It’s the Fit that Matters Most

After a fun couple hours of installing the red oak tray runners, it was time for fitting the red oak tray bottoms.  I hadn’t really fit any moving parts since the carriage vise on the Milkman’s Workbench.  From that project I learned the fine line between free movement and wracking.  For the lower tray bottom (pictured below), the magic length ended up as about a 1/64 inch gap when the tray is slid to the front of the tool chest (and about 3/128 inch when slid to the back, because the inside of the carcass is almost imperceptibly out of square).

Those are the vintage trunk pulls I bought for $20 off Ebay.

Those are the vintage Stanley trunk pulls I bought for $20 off Ebay.

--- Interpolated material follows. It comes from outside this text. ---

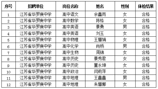 2022年常州市金壇區(qū)“優(yōu)才計(jì)劃”公開(kāi)招聘教師體檢合格人員名單公示

I couldn’t get 8 inch wide red oak hobby boards at the home center, so I laminated the bottoms using 5 1/2 inch and 2 1/2 inch boards.  The smaller boards actually ended up being slightly thicker off the rack than the larger ones, so a quick pass through the thickness planer is required before I nail the pine tray carcasses to the red oak bottoms.

Speaking of the tray carcasses, I’m thinking of making the trays rabbeted and nailed (as opposed to dovetailed), because I’ve been wondering if I should have instead made the boarded tool chest Chris Schwarz posted about a couple months ago.  I don’t own a fillister plane, but I can pretty easily chisel-split some shallow rabbets and clean it up with a router or shoulder.  If I go that route (although at this point, not sure why I would), the trays would be good practice for rabbeting and nailing.

Before I go, one thing I’ve loved about this project is getting to use tools I didn’t even realize I still had, like wooden screw clamps.

P1000170

Unused since the stock prep for the now-defunct planing slab.

JPG

3 comments

  1. Ah darn it, I was pretty much neck-and-neck with you, working on my travelling tool chest until just now. Well done and it looks awesome! Loving your blog mate; I enjoy reading it as much as the Schwarz.